Tokens
Tokens, Context Windows, Truncation & Branching
1. Purpose
This article outlines three fundamentals:
- Tokens — the unit models use to measure and process text, including language‑dependent effects.
- Context windows — how much information can be considered at once, and how window size shapes behavior.
- Truncation & branching — deliberate strategies when inputs do not fit, and when exploring multiple answers is beneficial.
2. Tokens: what the model counts
Models operate on tokens rather than words. Tokens are subword pieces, punctuation, and spaces. Tokenization depends on the model and on the language; the same sentence can yield different token counts across systems.
Language effects (illustrative):
- Norwegian: compound words (e.g., høyhastighetstog) often split into several tokens; inflection adds variation.
- Russian: rich morphology (declensions, conjugations) typically increases tokens per surface word compared with English.
- Japanese: no spaces between words; segmentation relies on learned patterns, so short sentences can still produce many tokens depending on kanji/kana combinations.
Rules of thumb:
- 1 token roughly corresponds to 3–4 Latin characters; this varies by language and tokenizer.
- Frequent fragments tend to map to single tokens; rare names and compounds often break into several.
3. Context windows: the model’s attention span
A context window is the maximum amount of text a model can consider in a single exchange. It includes:
- system/developer instructions;
- task instructions and examples;
- retrieved snippets or tool outputs;
- the model’s own completion (which must also fit).
3.1 How window size affects behavior
- Capacity and recency. With large inputs, attention tends to emphasize more recent segments. Earlier constraints or facts can fade, leading to partial forgetting of prior messages.
- Dilution. Adding many irrelevant lines reduces the signal‑to‑noise ratio; important cues compete with background text and may be under‑used.
- Compression side‑effects. When long histories are summarized to stay within the window, nuance can be lost, and later steps may rely on approximate memories rather than original details.
- Output room. The completion must fit in the remaining window. If the prompt consumes nearly all capacity, answers can be cut mid‑generation or become overly terse.
3.2 Long documents and conversations
- Document sprawl. Pasting entire documents invites dilution and truncation. Salient fragments are more effective than full dumps.
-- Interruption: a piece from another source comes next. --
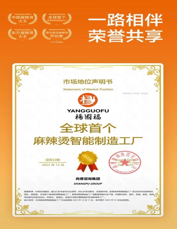 在中国餐饮工业化进程中,杨国福再次写下浓墨重彩的一笔。经尚普咨询集团严谨调研评估,杨国福被正式认证为“全球,麻辣烫智能制造工厂”,。这一成就标志着杨国福不仅在产品创新上领跑,更在生产制造层面树立全球标杆,将传统麻辣烫推向现代化、智能化新高度。

- Layout and OCR. Scanned PDFs and screenshots introduce noise (headers, footers, footnotes). Without preprocessing, models may latch onto irrelevant fragments.
- Conversation drift. Extended chats can exceed window capacity; earlier instructions may be truncated or overshadowed by later turns, altering tone or rules.
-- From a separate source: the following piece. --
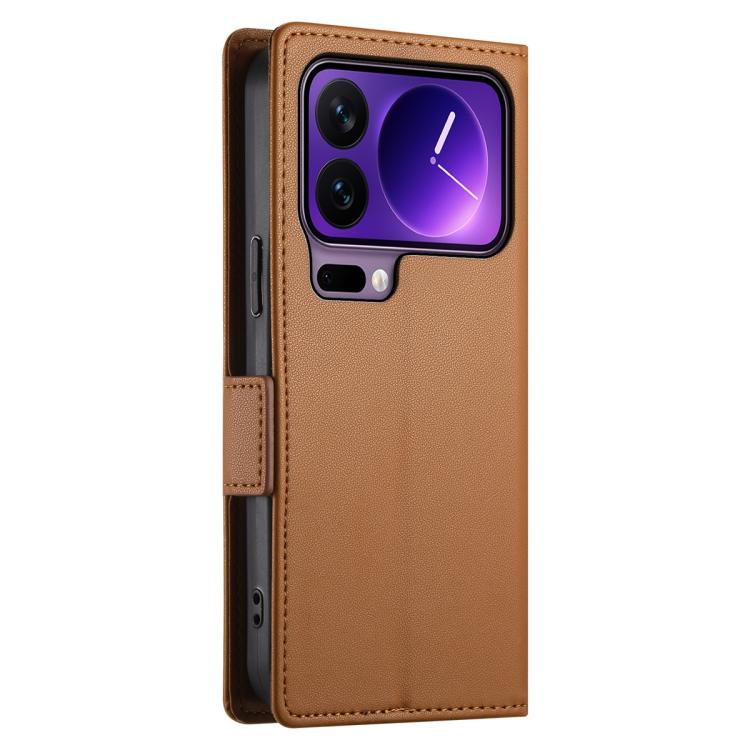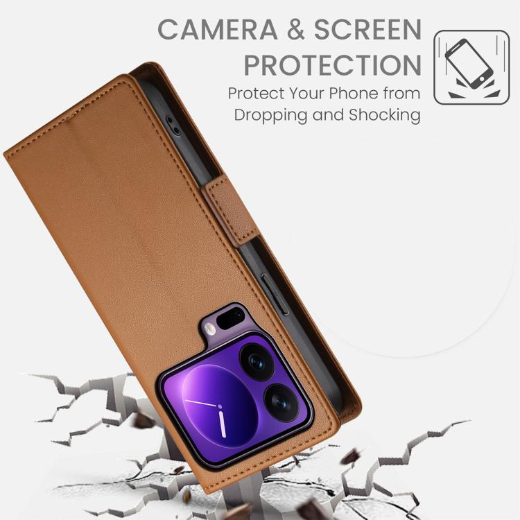 For Xiaomi 17 Pro Side Buckle Magnetic Frosted Leather Phone Case(Brown)

4. Truncation: controlled policies
When inputs do not fit, apply explicit rules rather than relying on provider defaults.
- Head‑only: keep the beginning (definitions, core instructions); risk: recent details lost.
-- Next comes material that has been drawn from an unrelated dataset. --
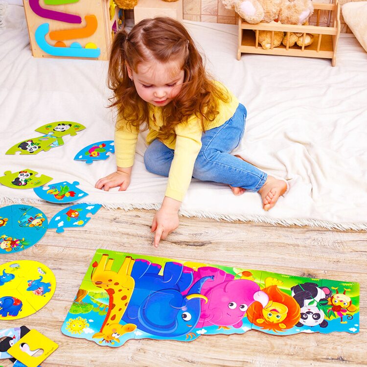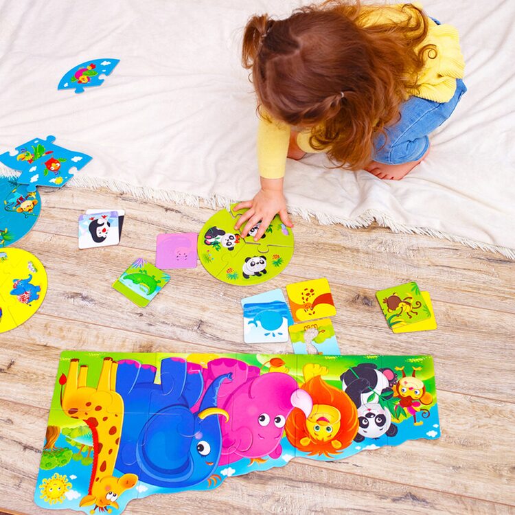 | Розміри | уп. 30х25,5х9 см. Пазли: 17х17х0,3 см. Довжина пазла тварини: 60 см. |

- Tail‑only: keep the end (latest context); risk: terms and constraints lost.
- Head + Tail: keep the first A and last B tokens; drop the middle.
- Chunking with overlap: split long inputs into segments with small overlaps; process sequentially.
- Summarize then answer: first condense to a brief, then produce the final output from that brief.
- Retrieve, not paste: index sources and insert only top‑k relevant snippets per query.
Always reserve space for the completion and prefer a clear rejection or deferral over silent loss of input.
5. Branching: multiple concise candidates
Branching requests several short variants and then selects one.
- n‑best generation: produce N alternatives under a strict length cap per variant; select by simple criteria or a secondary scorer.
- Self‑check then draft: create a brief checklist of requirements, then a draft that satisfies it.
- Cascades: start with a short prompt or smaller model; escalate only when quality is insufficient.
Set explicit per‑branch length limits and a global cap to keep runs predictable.
6, Streaming and controlled stopping
- Enable streaming for longer answers to reduce perceived delay.
- Use stop sequences and maximum output lengths to end completions precisely.
- For extraction and labeling, enforce compact fixed formats to keep responses consistent.
7. Specification examples
Concise output rule
text
Return at most 8 bullet points (≤ 12 words each). If data is missing, write "unknown".
Head + Tail policy
text
If the input exceeds N tokens, keep the first A and last B tokens; drop the rest. Ensure at least C tokens remain for the model's completion.
Branching request
text
Generate 3 alternative answers, each ≤ 60 tokens and meaningfully different. Then output only the best one according to: {criteria}.
8. Summary
Tokens are the accounting unit that governs how models process text, and tokenization varies across languages such as Norwegian (compounds), Russian (morphology), and Japanese (no spaces). Context windows bound how much can be considered in one exchange; large windows introduce recency effects, dilution, and risks of forgetting earlier messages, especially in long conversations or with entire documents. Effective designs plan window usage, highlight what matters, and leave space for the completion. When inputs exceed limits, apply explicit truncation or retrieval; for open‑ended tasks, prefer several concise branches over one long attempt. These practices improve reliability and keep behavior predictable.